Tuesday, April 23, 2013 11:07:33 AM UTC
Did... did that just happen? Was the last comment I read on this post the very same spam comment that the post was talking about? HA!

I like @chrissie1's suggestion, changing the ID every now and again sounds simple enough. It wont help anything that's using a scraper (or something more advanced like phantomjs to load the page) but it's a start if you are running an off the shelf system.
Dan F
Tuesday, April 23, 2013 12:16:38 PM UTC
Richard
Tuesday, April 23, 2013 12:47:48 PM UTC
Hi Scott,

I also had some bad time dealing with spam, I have been forced to disable comments in my blog, in order to not have to deal with it.

I have just re-enabled comments (Disqus), and so far so good, I am seeying not spam as months ago.

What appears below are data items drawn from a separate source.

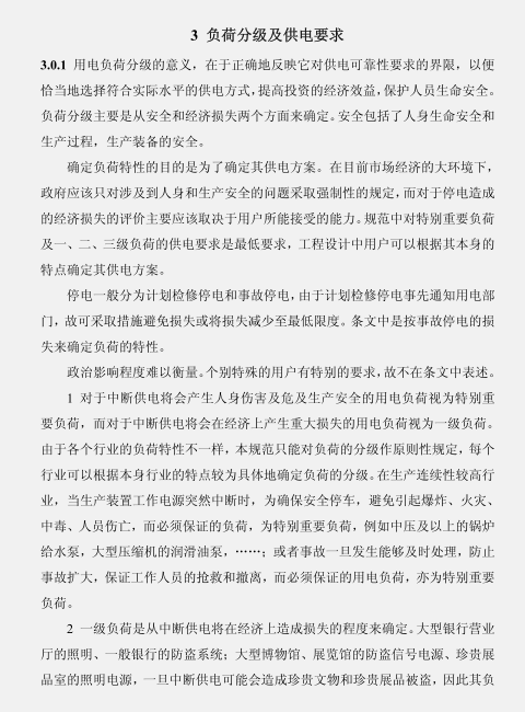 3.0.1 用电负荷分级的意义,在于正确地反映它对供电可靠性要求的界限,以便恰当地选择符合实际水平的供电方式, 提高投资的经济效益, 保护人员生命安全。
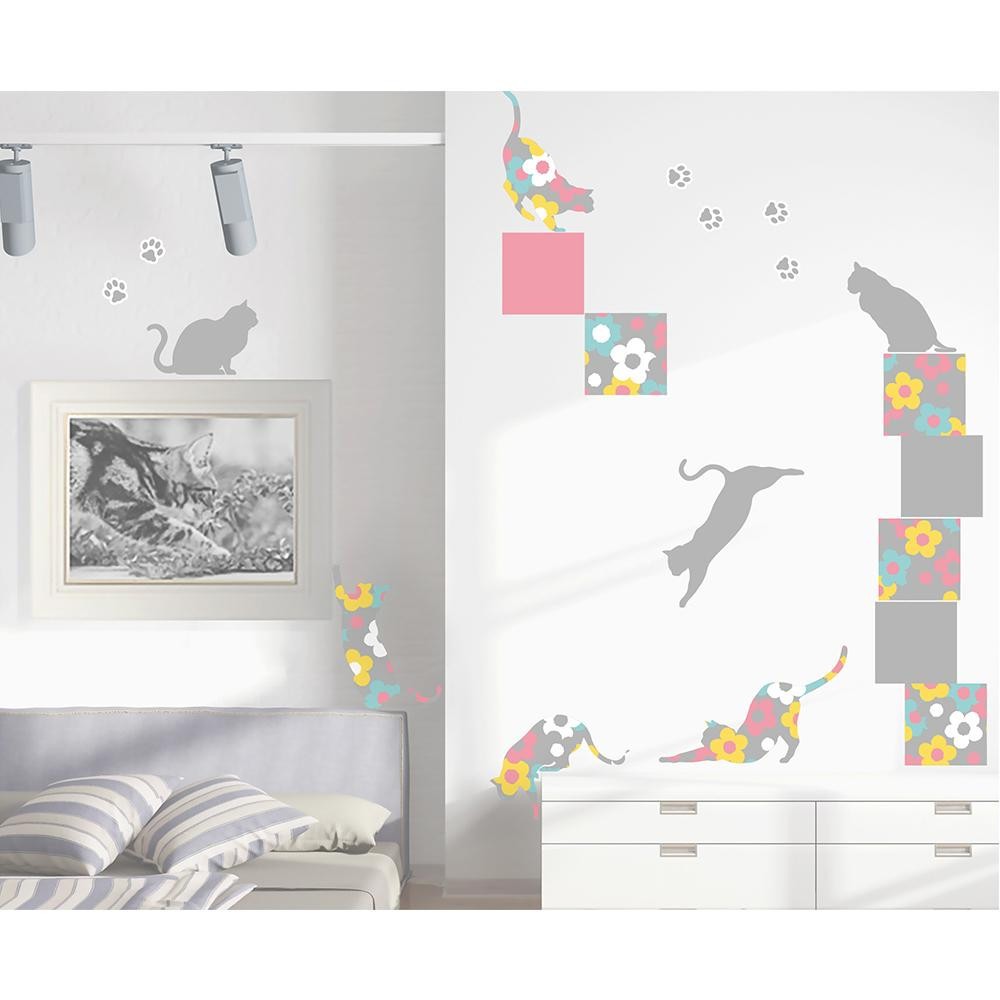 | 猫好きの方なら必ずといっていいほどわかる、猫特有の動き。例えば起きるときの伸びや高所から飛ぶときのしぐさ、爪をとぐ様子・・・そんな動きを繊細に、リアルに再現したウォールステッカーです。 |
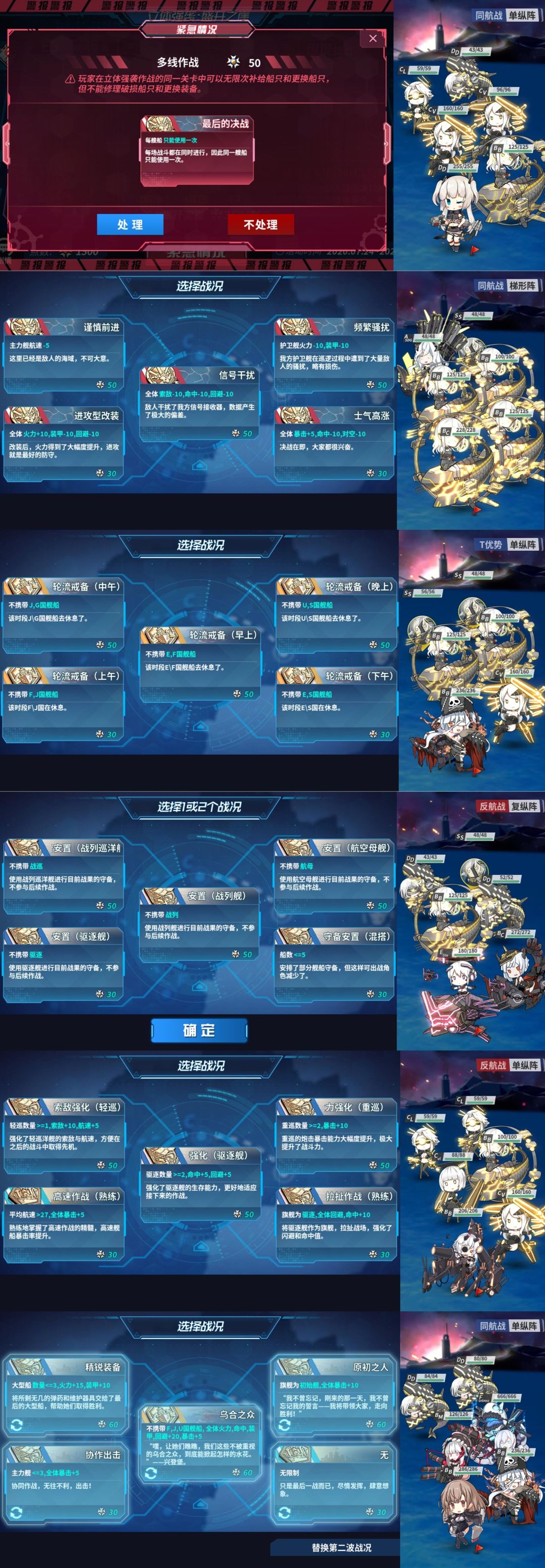选择的路线:处理紧急战况;第二波选择护卫舰火力-10,装甲-10;第三波选择不携带EF国;第四波选择不携带战巡以及不携带航母;第五波选择轻巡≥1,索敌 10,航速 5;第六波选择旗舰初始,全体暴击 10
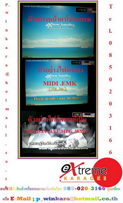 โปรแกรม eXtreme Karaoke เพลงจากต้นฉบับ VCD Karaoke .DAT ล้วนๆ 24,300 บวกเพลง MIDI ไฟล์ .EMK 81,000 กว่าเพลง และ Sound Font เสียงดี 31 ตัว เล่นเพลง MV Karaoke จากโปรแกรมคอมพิวเตอร์ ต่อผ่านช่อง HDMI ของ LCD TV. จอใหญ่ๆ ภาพคมชัดไม่มีแตกไม่มีเบลอ แหล่มสุดๆ ครับ ตัวนี้ใช้เนื้อที่ HDD 976 GB. รุ่นนี้เราจะมี HDD ให้เลือกซื้อกันอยู่ 2 ขนาดครับ

Maybe spammers have not yet discovered that comments are enabled again.

There is no good type of spam. Spam is just that Spam/Trash
Tuesday, April 23, 2013 1:07:25 PM UTC
Thank you for the {auspicious|good} writeup. It in fact was a amusement account it.
Sid DeLuca
Tuesday, April 23, 2013 1:52:43 PM UTC
I feel for you Scott,

My previous web host seemed to think that setting the spf record information on a domain constituted as spam protection and any spam after that was clearly email I had asked for.

After various lengthy debates of this nature I conceeded that these people are beyond help and decided to get my domain off their infrastructure.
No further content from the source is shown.